Checking myself

Am I ok? Am I doing everything right? Am I wrong for expecting her to stop “voicing her opinion” because I feel like she’s trying to change my mind or tell me how to think. Am I wrong for getting upset at things that aren’t intended to hurt me? Am I wrong for expecting her to remember what I like and don’t like and don’t try to get me to do those things? Am I wrong for believing a best friend is on the same level as a boyfriend?

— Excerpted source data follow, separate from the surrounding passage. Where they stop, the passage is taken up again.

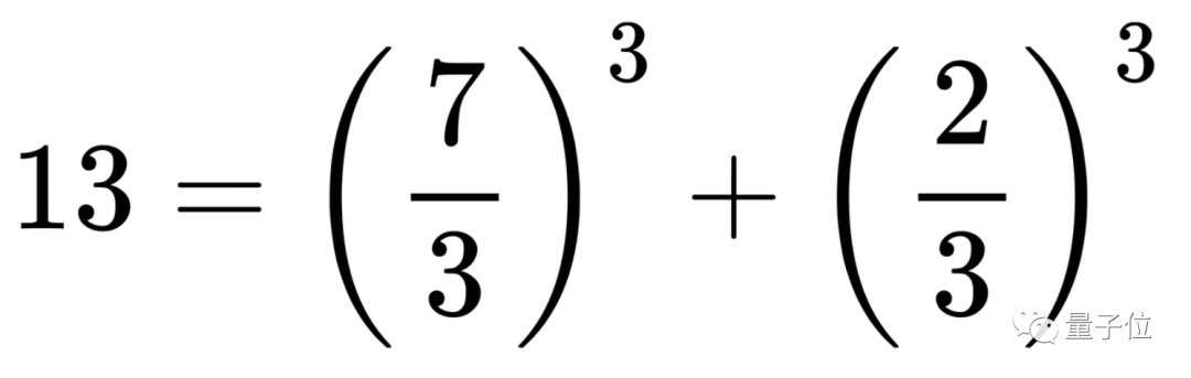 例如整數13,就可以被“拆”成有理數7/3的立方、以及有理數2/3的立方總和:
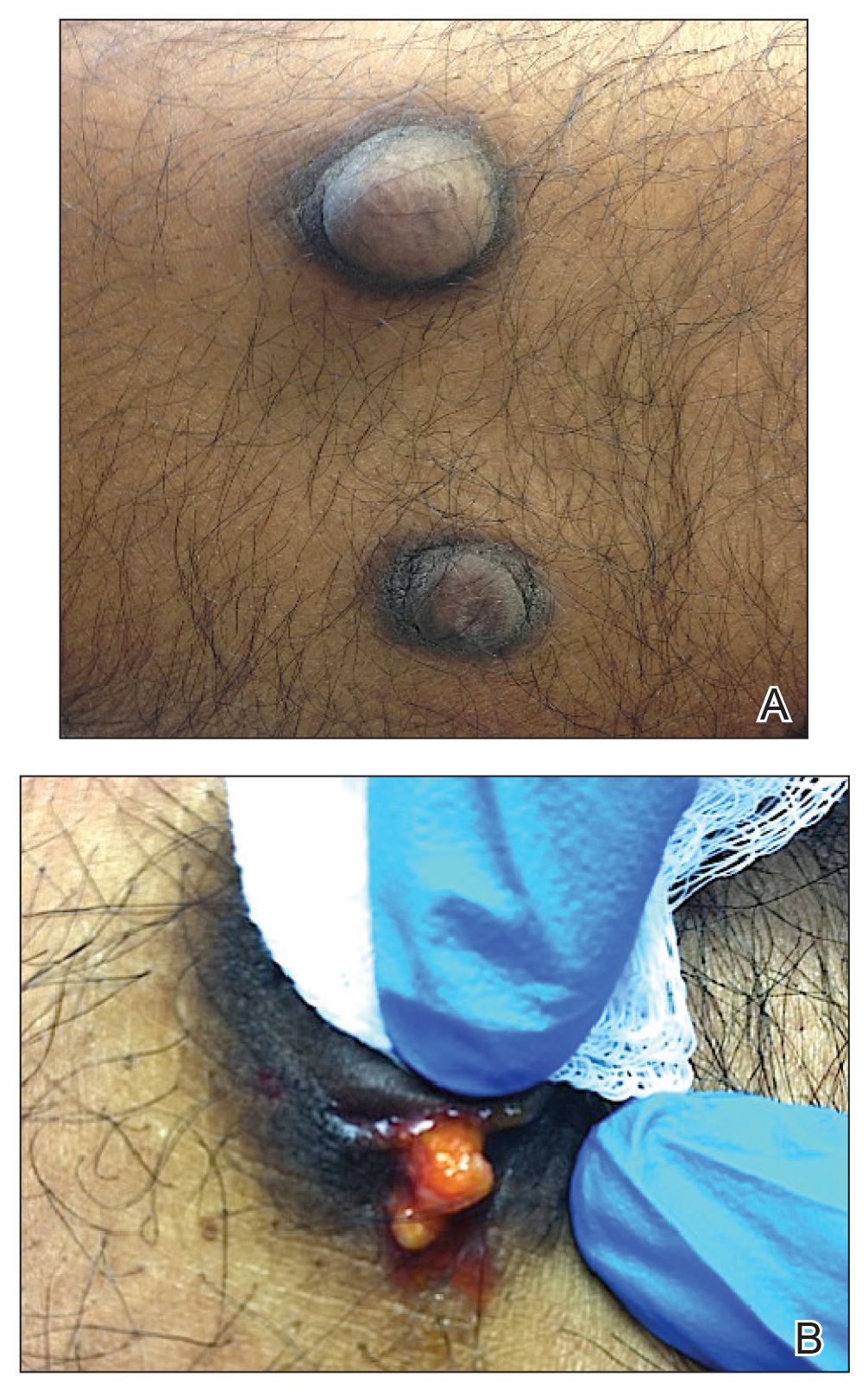 On physical examination, 2 soft, nontender, exophytic nodules were noted on each upper thigh with surrounding hyperpigmented and hyperkeratotic collarettes (Figure 1). The nodules ranged in size from 2 to 3.5 cm in diameter.
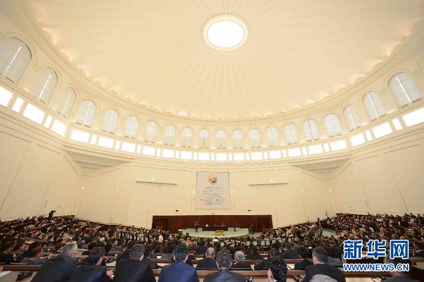 ????6月6日,在烏茲別克斯坦首都塔什干國際會(huì)議宮,會(huì)議現(xiàn)場。(沙達(dá)提 攝)
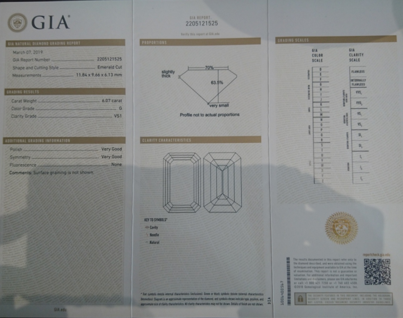 Solitaire Diamant 6,07 Cts G Vs1 Taille Emeraude
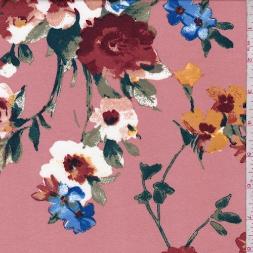 Terra Cotta/Royal Multi Floral Double Brushed Jersey Knit Fabric
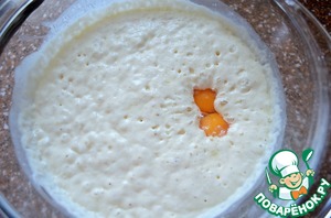 Дрожжи "заиграли", вмешать в опару соль и яйца.
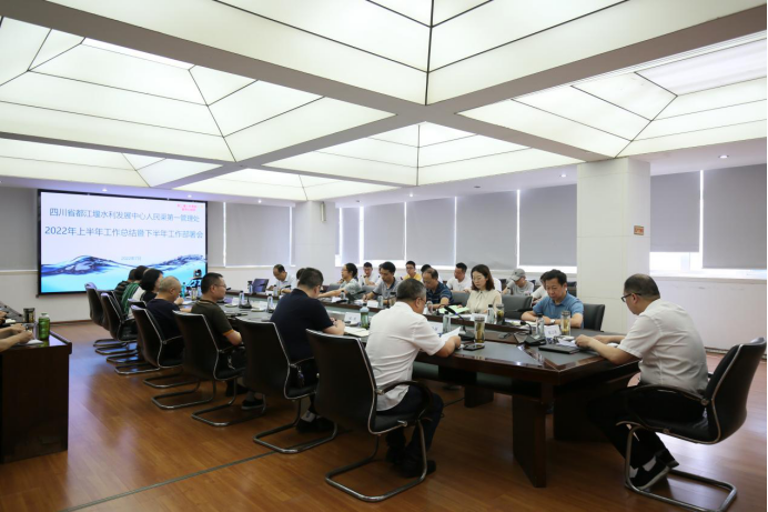 为进一步贯彻落实四川水利高质量发展“3226”工作思路,加快推进都江堰灌区三年行动纲要落地落实,2022年7月7日上午,人民渠第一管理处召开2022年上半年工作总结暨下半年工作部署会,回顾上半年工作、总结经验、查找不足,安排部署2022年下半年重点工作。处党委书记、处长周宗剑出席会议并讲话。

Actually I think all I want is to feel accepted and respected. Even if we don’t tell each other everything or understand each other’s viewpoint on situations I just want to know that you won’t try to tell me I should behave or think differently. Of course give me your opinion but if you keep “giving your opinion” it eventually becomes you forcing your opinion onto me and that’s not cool. I want you to respect what I say and leave it at that. If I tell you I didn’t have sex with him I want you to believe me. I don’t care if you walked in on us naked. You can’t look at my life the same way you look at yours, I’m not going to do the same thing in the same situation as you. I understand the things I say seem crazy or weird or unlikely to you but guess what it’s true. I just want you to trust that I would never lie to you. What’s the point in never lying if you can’t get 100% trust from those close to you?? Makes me just wanna start lying. Will make life a lot easier.